Collicular picrotoxin alleviates akinesia but not sensory neglect in rats with bilateral 6-hydroxydopamine lesions of ventral midbrain.

Anatomical and biochemical investigations have suggested that GABA transmission in the superior colliculus consequent upon activity of the nigrotectal pathway is increased following 6-hydroxydopamine (6-OHDA) lesions of the ascending dopamine systems. Moreover, it has been proposed that this increase in inhibitory activity within the colliculus may be responsible for the sensory neglect commonly observed after dopamine denervation. The present experiment sought to test this proposal by examining the effects of injections of the GABA antagonist picrotoxin into the superior colliculus of 6-OHDA lesioned rats, in the hope that the neglect caused by the 6-OHDA would be reversed.
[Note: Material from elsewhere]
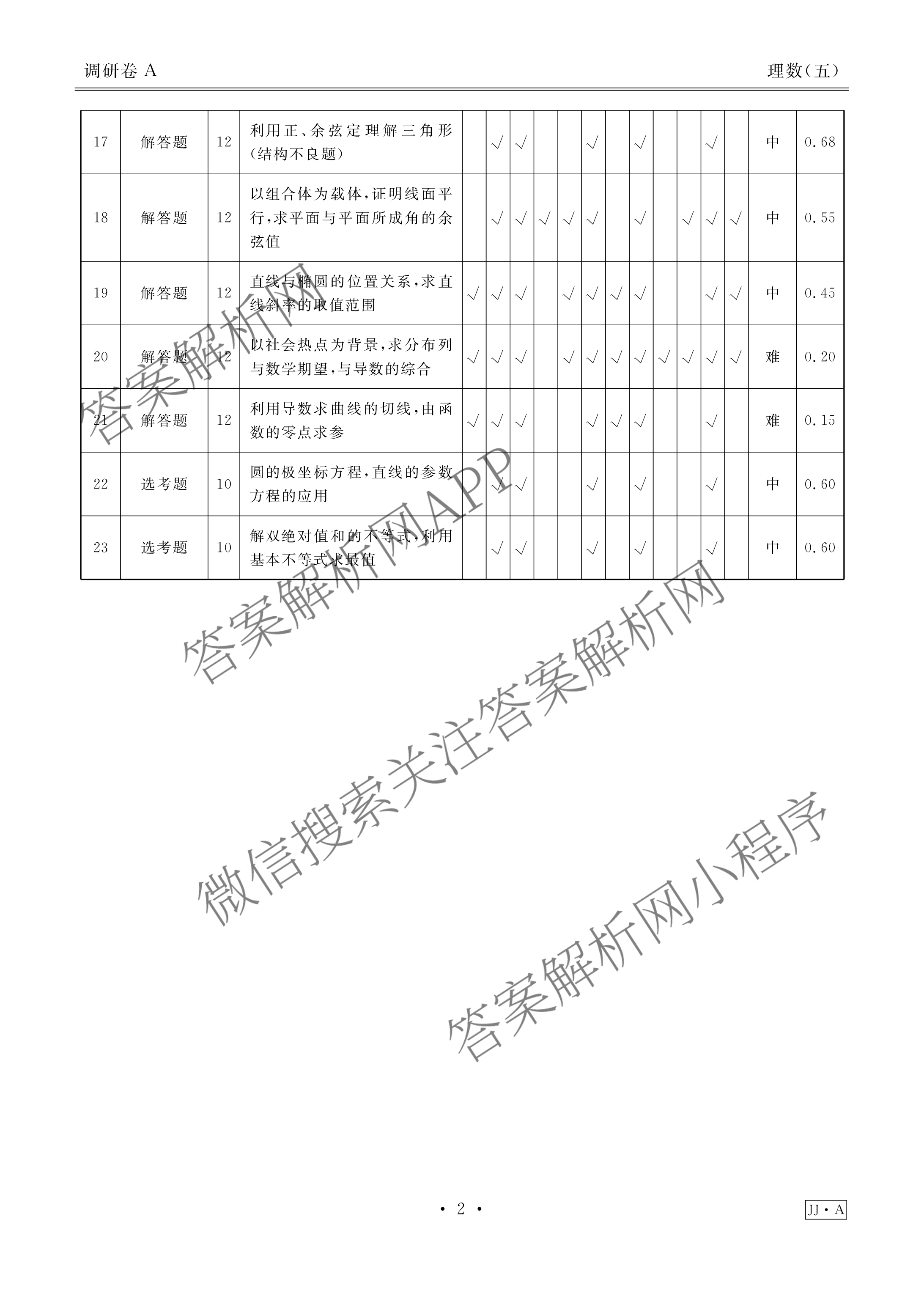 (高三)(衡水金卷先享题)调研卷 2024年普通高等学校招生全国统一考试模拟(五)5理数(JJA)答案
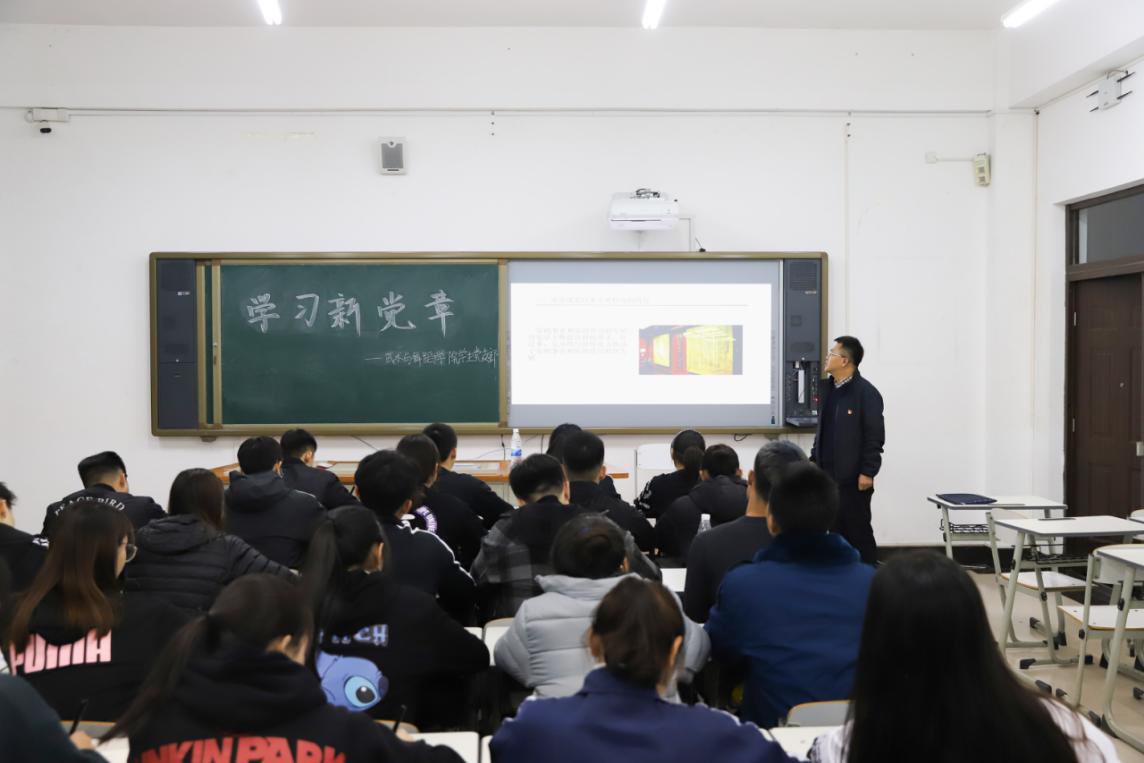 为深入开展“不忘初心、牢记使命”主题教育,不断拓展党建工作载体,创新党建工作内容,进一步增强学生党性观念发挥先锋模范作用,2019年10月14日,我院党总支书记刘振强老师带领业余党校成员们进行新媒体党课的学习——学习新党章。

However, in 33 of 36 cases studied intracollicular microinjections of picrotoxin produced no detectable improvement in orientation to sensory stimuli, although a wide range of other behavioural effects was observed. These included stereotyped exploratory movements (e.g. head waving, walking, sniffing and rearing) similar to those produced in the 6-OHDA treated rats by systemic injection of apomorphine (0.1 mg/kg). These data indicate that 6-OHDA lesions of substantia nigra and ventral midbrain areas do not produce sensory neglect simply by increasing GABA transmission within the nigrotectal pathway. Instead, such an increase in nigrotectal activity may impair production of particular kinds of movement, possibly related to exploratory behaviour.[1]